91 The respondents and the Minister refer in their submissions to the very limited nature of s 81(3), including the limited purpose for the entry compared with reasons for entry contemplated by Pt 7 or Pt 5 Div 3, that s 81(3) does not constitute permission to participate in discussions held for any other purpose or to speak to employees, and that a representative under s 81(3) does not go into a workplace enjoying any of the powers given to persons under Pt 7 or Pt 5 Div 3. They further submit that a representative under s 81(3) does not have powers akin to that of a health and safety representative under s 70, and that there is no express obligation on an employer or occupier of premises to allow entry under s 81(3). It follows, in the submission of the respondents and the Minister, that a representative under s 81(3) does not have the same potential to impact on the workplace, or the conduct of the business of the employer, as a health and safety representative.
92 Having regard to all of these legislative provisions, I am not persuaded that the structure of the WHS Act, read with the WHS Regulation, requires a conclusion that s 81(3) creates no rights in respect of the access by the representative to the workplace. In particular:
That there is detailed provision in the WHS Act for health and safety representatives - including their powers, and the obligation of an employer or occupier of premises to allow them access - is in my view of minimal relevance to the question whether a representative of a party has a right to enter a workplace pursuant to s 81(3) of the WHS Act. The representative referred to in s 81(3) is not a health and safety representative. To find that there are no rights associated with a representative in respect of s 81(3), simply because, in a different part of the WHS Act, detailed provision is made for powers and rights of a different type of representative, would in my view be an incorrect approach to the construction of s 81(3).

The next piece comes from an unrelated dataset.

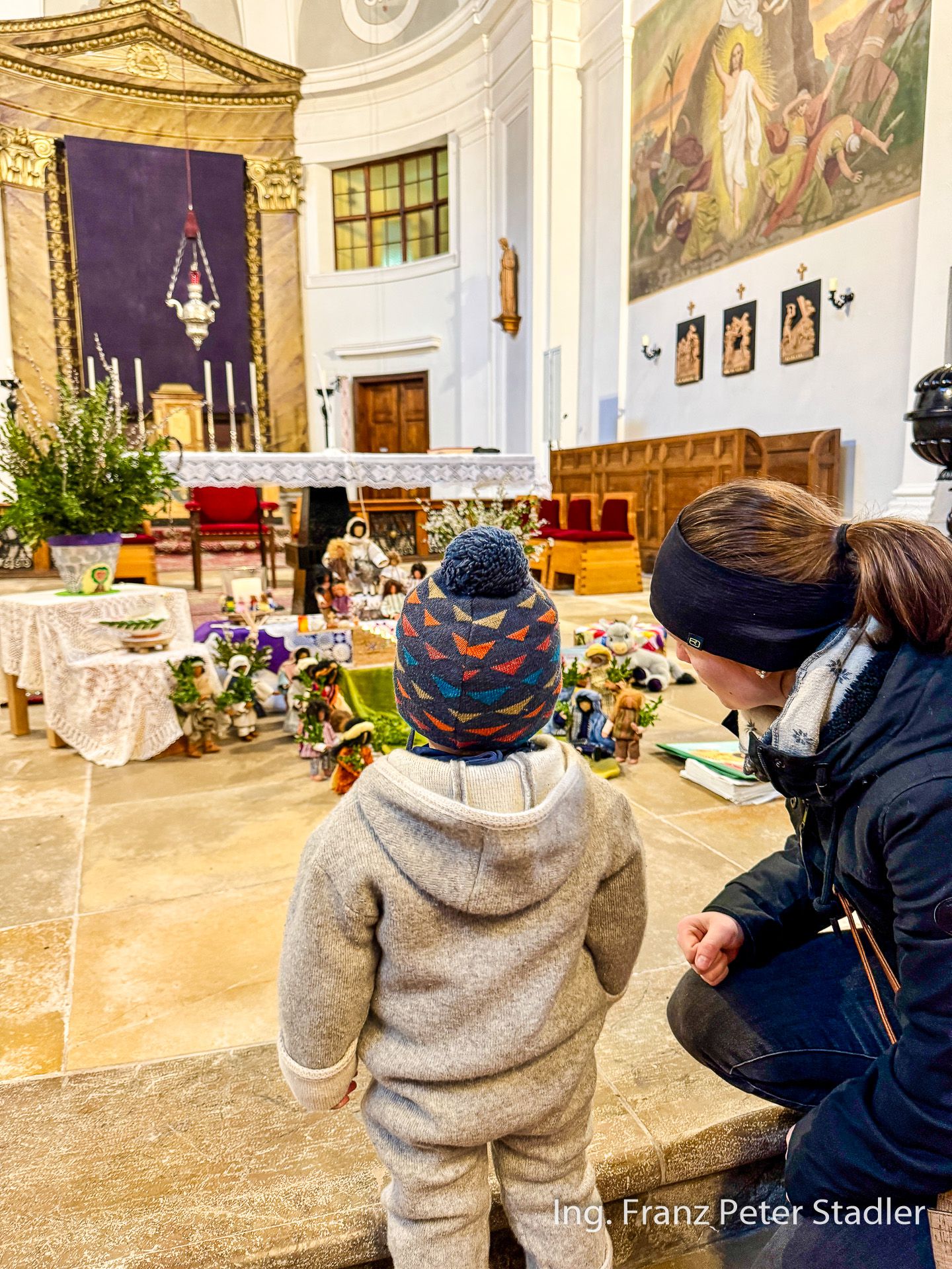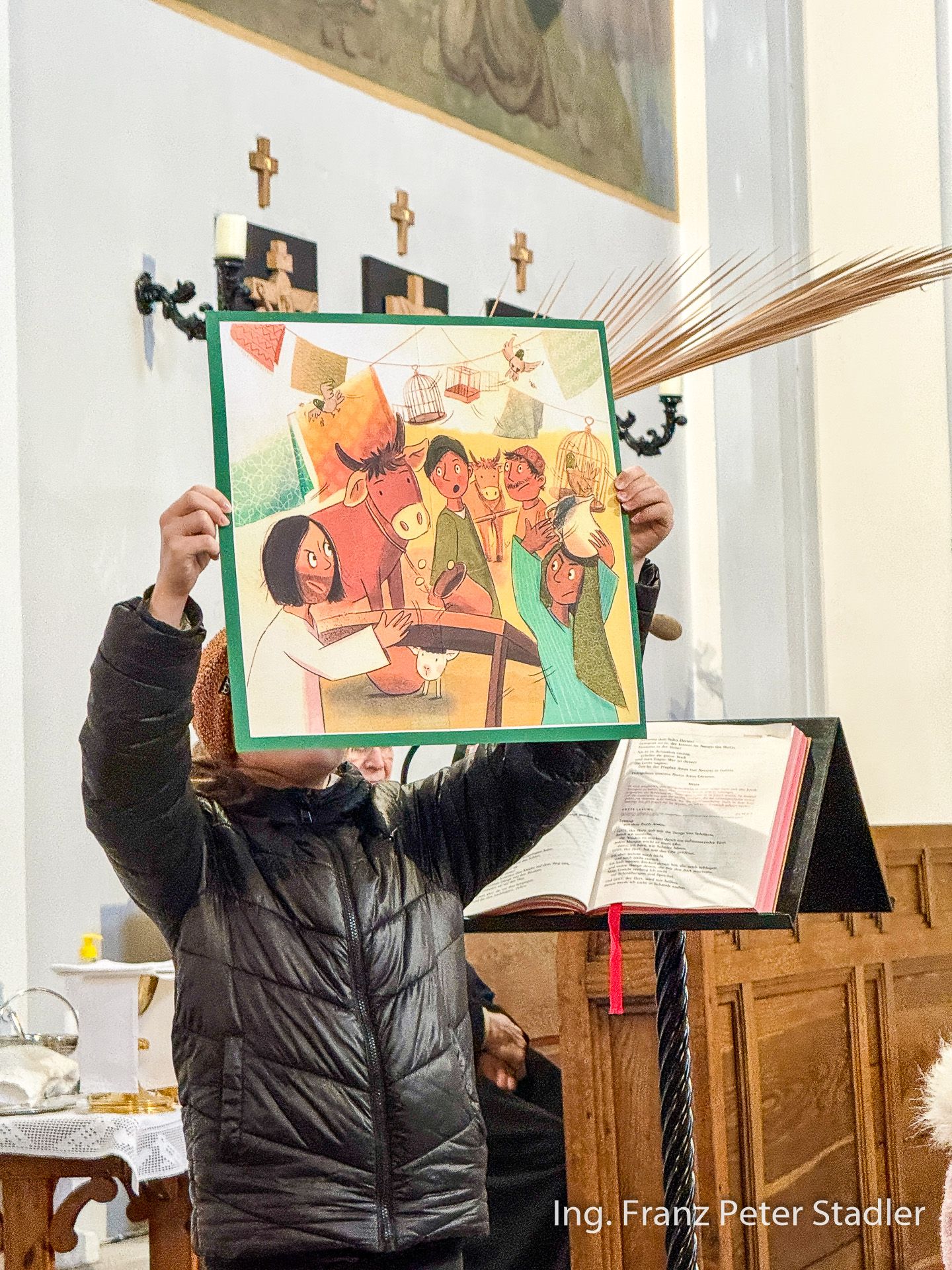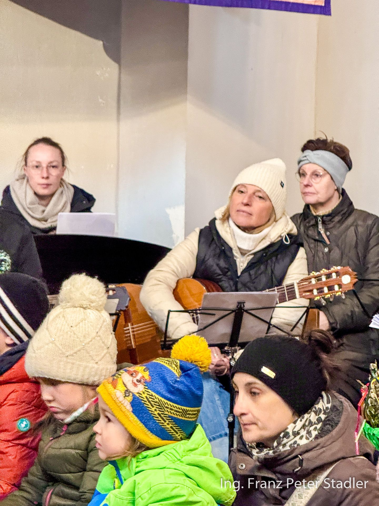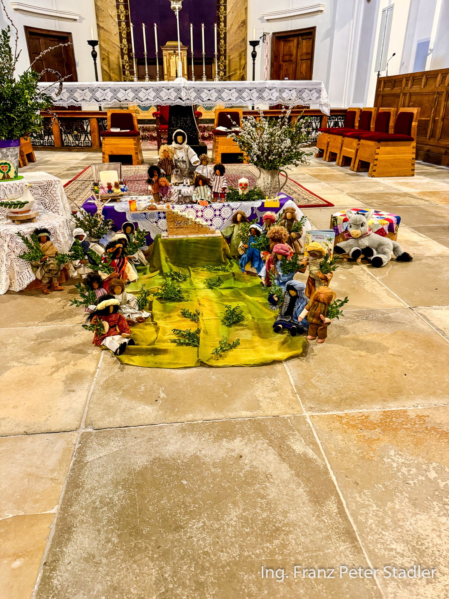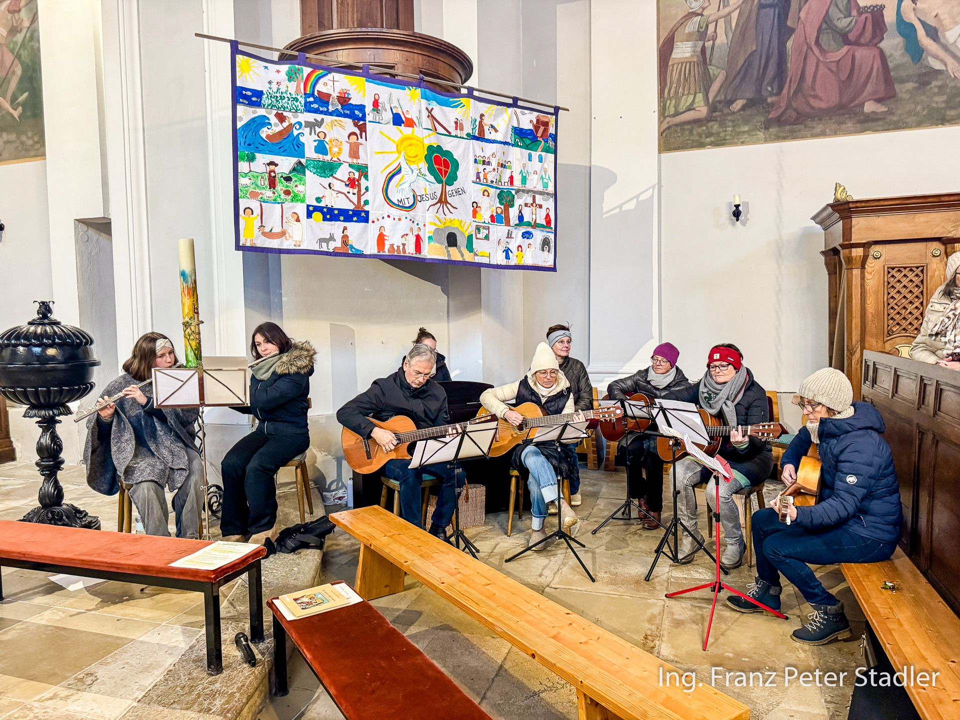 Von dort ging dann die Gußwerker Palmprozession auf kurzem Wege in die Pfarrkirche, die für die vielen Besucherinnen und Besucher des Gottesdienstes beinahe zu klein wurde. Die Kinder des Kindergartens gestalteten unter der Leitung von Nicole Fluch mit vielen MusikerInnen die Umrahmung sowohl der Segnung der Palmzweige im Rüsthaus als auch nach dem Einzug auch die Messe zum Palmsonntag.

That the purpose for which the representative is entitled to enter the workplace pursuant to s 81(3) is limited is, in my view, irrelevant. Section 81(3) appears in a Division of the WHS Act dealing with resolution of work safety issues. Part 5 Div 3 of the WHS Act, and Pt 2.2 of the WHS Regulation, deal specifically with issue resolution. There must be either an agreed procedure for resolution of work health and safety issues or the default procedure set out in s 23 of the WHS Regulation applies. Importantly as soon as parties are told of the issue, all parties must meet or communicate with each other to attempt to resolve the issue (s 23(3)). No place of the meeting is prescribed by either the WHS Act or the WHS Regulation, however if the place of the meeting to discuss the issue is determined by the parties to be the workplace, then under the terms of s 81(3) the representative of a party to the issue is entitled to enter the workplace for the purpose of attending discussions with a view to resolving the issue.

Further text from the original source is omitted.